Sample Application: Collaborative Design ● The volume of data associated with typical product lifecycle stages (concept, design, analysis, manufacturing, and field support) grows exponentially. ● At the same time, the need for effective data access, sharing, capture, and protection becomes increasingly important. ● Scalable and distributed solutions to these problems are critical components of PLM.

Sample Application: Collaborative Design ● Desirable Characteristics: – Complexity and Interoperability – Distributed Design Collaboration – Reuse and Versioning – Availability – Performance

Collaborative Design: State-of-the-art Source:

Collaborative Design: State-of-the-art ● Client-server model ideal for local area environments. Does not scale to larger number of installations. ● Mechanisms for availability rely on conventional mechanisms such as snapshots.

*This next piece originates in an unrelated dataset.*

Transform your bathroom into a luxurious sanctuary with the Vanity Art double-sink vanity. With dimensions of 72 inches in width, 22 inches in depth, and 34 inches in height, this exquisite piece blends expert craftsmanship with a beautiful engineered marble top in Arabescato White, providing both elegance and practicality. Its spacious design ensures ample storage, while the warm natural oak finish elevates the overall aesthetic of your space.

These do not facilitate real-time recovery or account for network failures. ● Minimal support for end-user performance in terms of client-side support. ● Little or no support in terms of content-based location, application-specific consistency mechanisms, versioning techniques.

Plethora: System Overview ● Plethora Routing Core: Routing data requests to appropriate sites. ● Robustness: Novel erasure coding schemes. ● Versioning Semantics: Supporting read-write access efficiently and data reuse over wide- area networks. ● Content-based Location and Placement: Routing queries on content.

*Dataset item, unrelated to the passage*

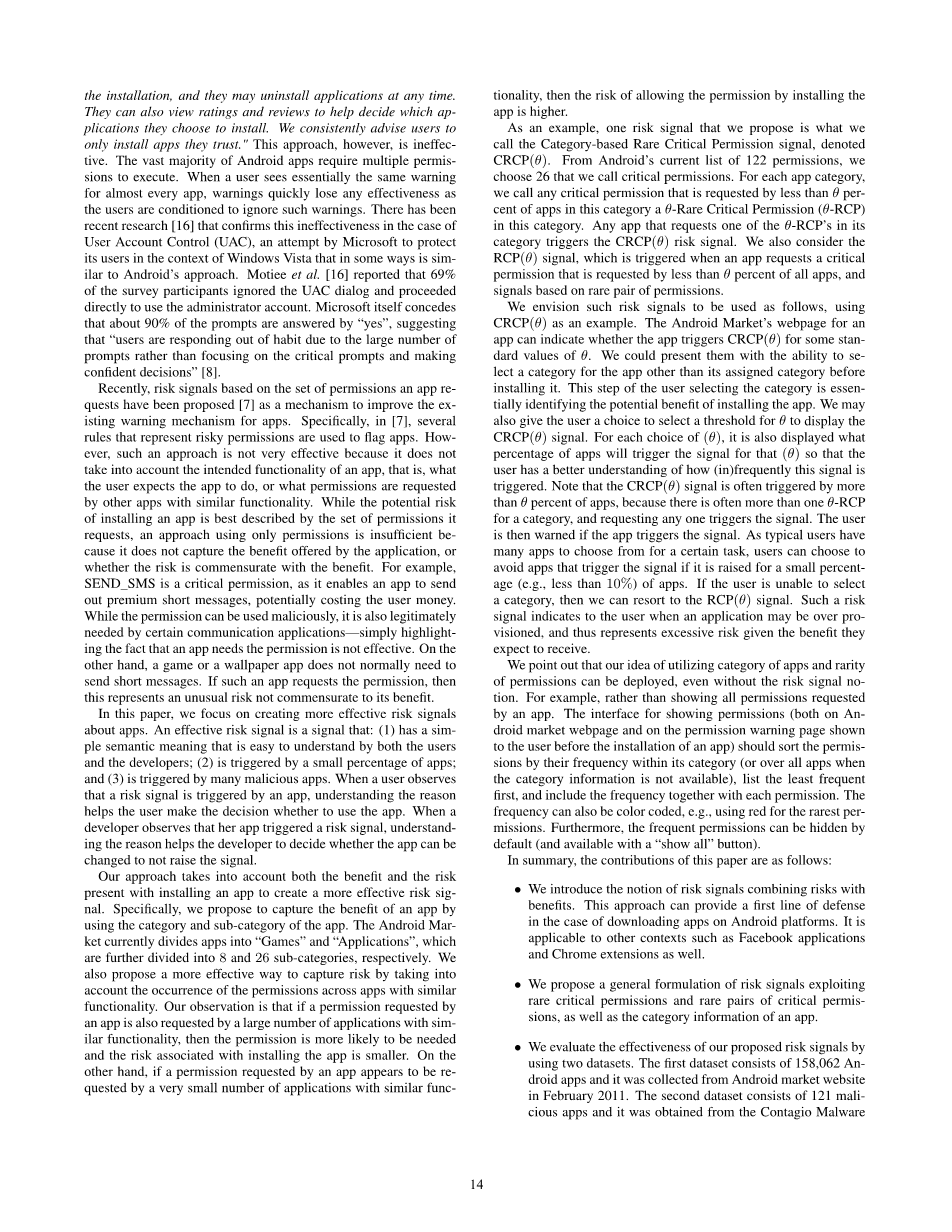 我们想象这样的危险信号使用如下,作为一个例子使用CRCP(theta;)。Android市场的网页应用程序可以显示应用程序触发该(theta;)是否对一些标准的theta;值。我们可以为他们提供应用程序可选择的类别而不是安装前它指定的类别。这一步的用户选择分类本质上是确定的潜在好处安装应用程序。我们也可以给用户一个选择选择一个阈值theta;来显示该(theta;)信号。对于每一个选择(theta;),它也显示百分比的应用将触发的信号(theta;),这样用户更好的理解如何经常触发这个信号。注意,该(theta;)信号通常是由theta;%以上的应用程序,因为通常不止一个theta;-RCP类别,与此同时访问任何一个触发信号。如果应用程序触发信号,那么用户将被警告。作为典型的用户有很多应用程序可供选择某个任务时,如果提高(如很小的一部分,低于10%)的应用程序,用户可以选择避免应用程序触发信号。如果用户无法选择一个类别,然后我们可以诉诸RCP(theta;)信号。当应用程序可能超过供应,这种风险信号会提示用户,因此代表过度风险考虑到他们期望得到受益。

Plethora Routing Core ● Design goals: reliability, performance, end- user latency. – Locality enhancing multi-level overlays of participating sites. – Efficient caching techniques for end-user latency. – Network maintenance via redundant overlay links and real time monitoring and updation.

Plethora: Robustness ● Novel erasure coding techniques: – Conventional (n,m) techniques can reconstruct data if any m of n total data blocks can be accessed. – These techniques are resilient to multiple network and disk failures. – These techniques, however, have considerable communication and computing overhead for block updates, block reconstruction, and for reconstituting the code. – Plethora relies on novel codes that minimize these overheads.

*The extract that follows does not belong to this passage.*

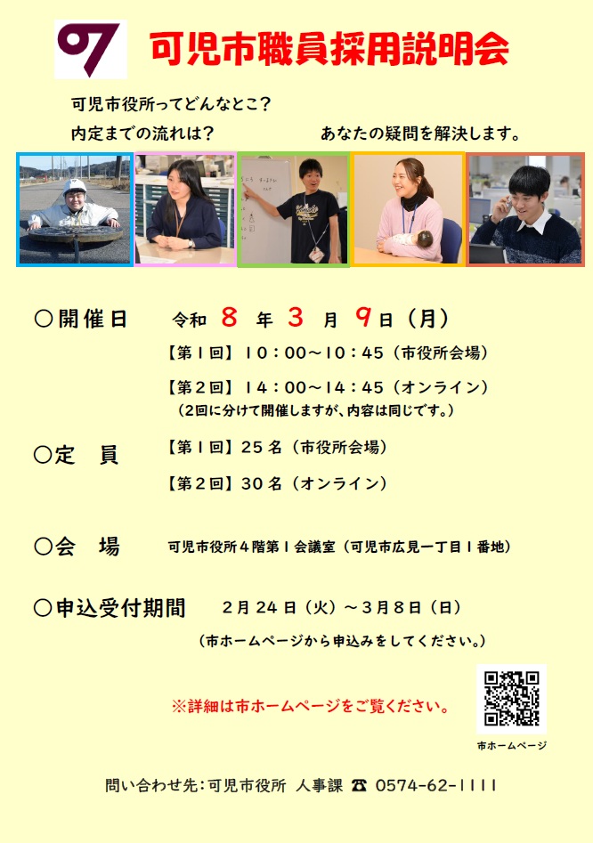 可児市役所の紹介、勤務条件等の説明、採用試験の説明、採用までの流れの説明、質疑応答 等

Plethora: Versioning Semantics ● Scaling to wide-area systems require alternate concurrent data access semantics. Plethora relies on versioning semantics to facilitate performance. – Each access is to a version of an object. – Updates to objects are not reflected globally unless they are committed. – The resulting version tree for each object can be reconciled in an application specific manner. ● Versioning systems are ideally suited to high latency environment with real-time applications. They also facilitate version-based data reuse.

Plethora: Content-Based Location ● Content-based location is critical for supporting design applications. – Each data object has keys corresponding to searchable attributes installed in the Plethora routing core (keys are derived using conventional hashing techniques). – The routing core is then used to route queries generated at clients (using the same hash function) to locate data objects. – By giving applications the ability to install keys, powerful content-based searching capability supported by Plethora.

Plethora: Deliverables ● Fully functional Plethora client. ● Extensive system-level and application-level scaling studies and performance characterization (simulations and deployment). ● Sample applications demonstrating large storage capabilities, access performance, collaboration facilities, and mobile applications that maximize value for sponsor.